Of course, the most significant of all democratized ecosystems is the Internet itself, which as an ecosystems network has tens of millions of individual ecosystem connections. This type of pluralistic ecosystem also has some unique attributes, which differ from its monolithic counterpart:

  1. Pluralistic ecosystems scale pre-existing relationships and represent much more of a B2B approach than the monolithic approach, which tends to be more B2C-oriented. Yet the participants (organizations) connect to the network and one another without the need to have a dominant player at the center. It all occurs on an ecosystems network that provides business and connectivity standards.
  2. Because there is no single dominant player, pluralistic ecosystems can go in any direction- upstream, sidestream, and downstream. It is the choice of the ecosystem owner who to connect to, when, and how.
  3. Pluralistic ecosystems who connect to one another set their own rules, be it in terms of data interchange or ownership of data.
  4. The branding of pluralistic ecosystems does not belong to any single player but rather the respective owner of each connecting ecosystem—meaning each ecosystem owner can brand their ecosystem as they wish.
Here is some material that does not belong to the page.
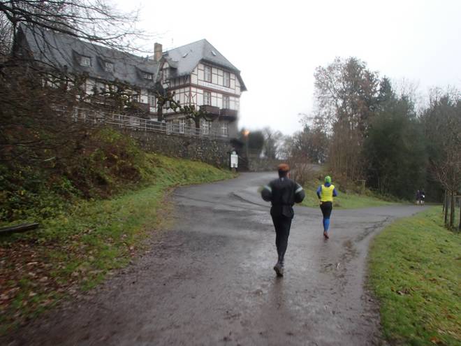 Löwenburg 11.29 Uhr / Km 13,5 Einmal waren wir wieder beim Löwenburger Hof vorbei gelaufen, nun ging es in die Runde um die Löwenburg. Die Burg selbst bekamen wir nicht zu sehen. Dafür hätten wir noch ein paar Höhenmeter extra machen müssen. |
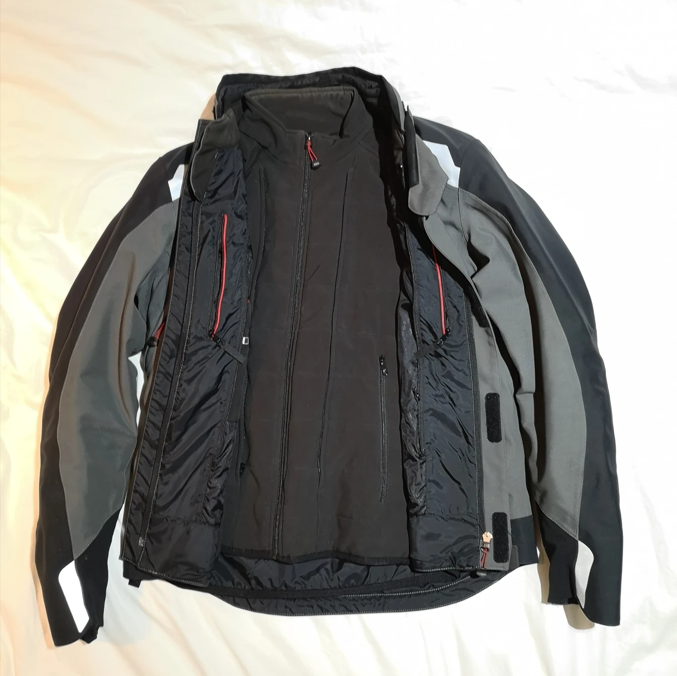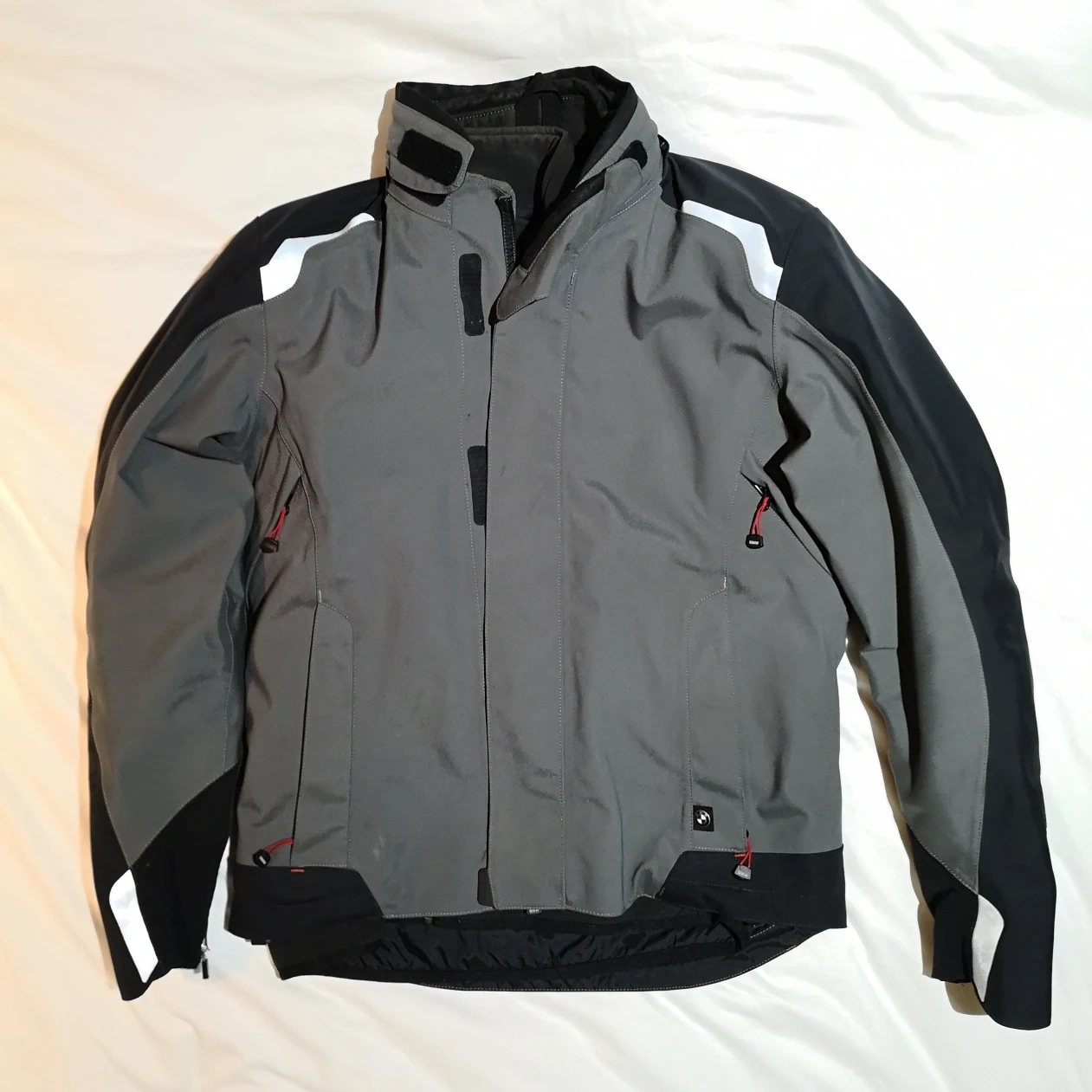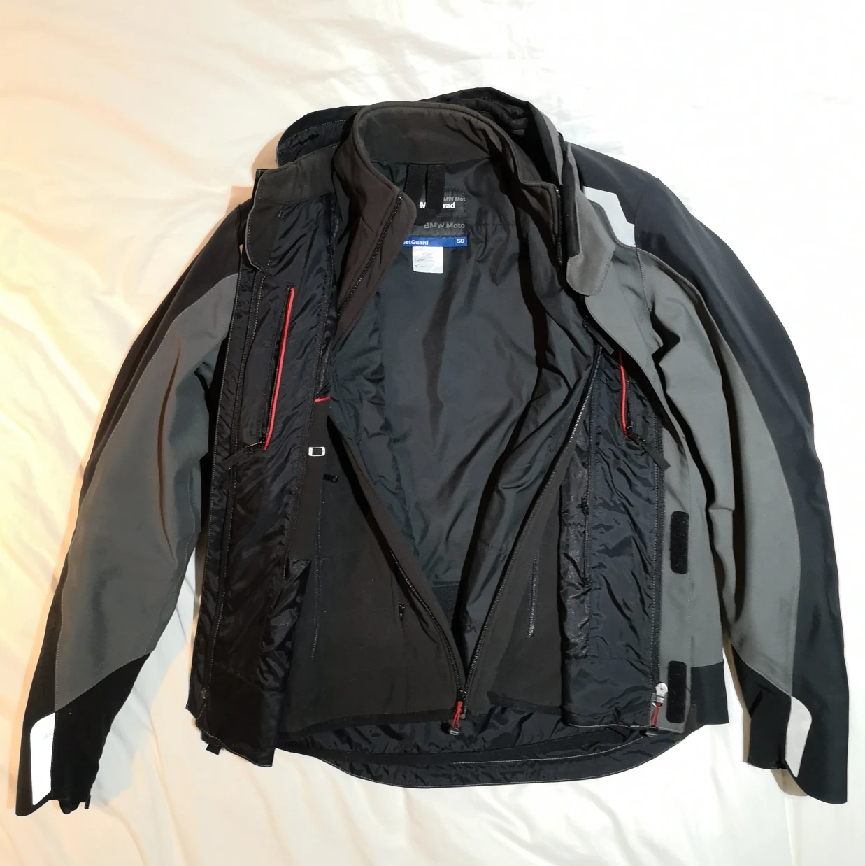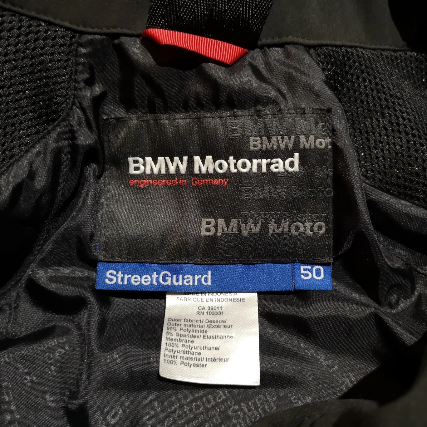 Men's grey and black BMW Motorrad StreetGuard 50 motorcycle jacket. Size 50. Features a zip-up front, multiple pockets, and a detachable inner liner. Waterproof and windproof outer shell. Excellent for riding in various weather conditions. Mint condition.

The network limits itself to a “Powered by” or to no branding at all- as is the case for the Internet.
  5. Unlike marketplace ecosystems, no single player owns all the technology in pluralistic ecosystems. Different technologies can connect to democratized ecosystems through accepted standards.

In summary, Marketplaces are one type of ecosystem that relies on a dominant market-maker. However, that vast majority of global ecosystems do not actually rely on, or need, a dominant market maker but rather benefit from an ecosystems network that allows standardized connectivity, ecosystem peering, branding, customization, data insight, and protection. Pluralistic or democratized Networks ecosystems networks that provide this will see amazing growth in the next decade, not unlike the Internet achieved in the 90s.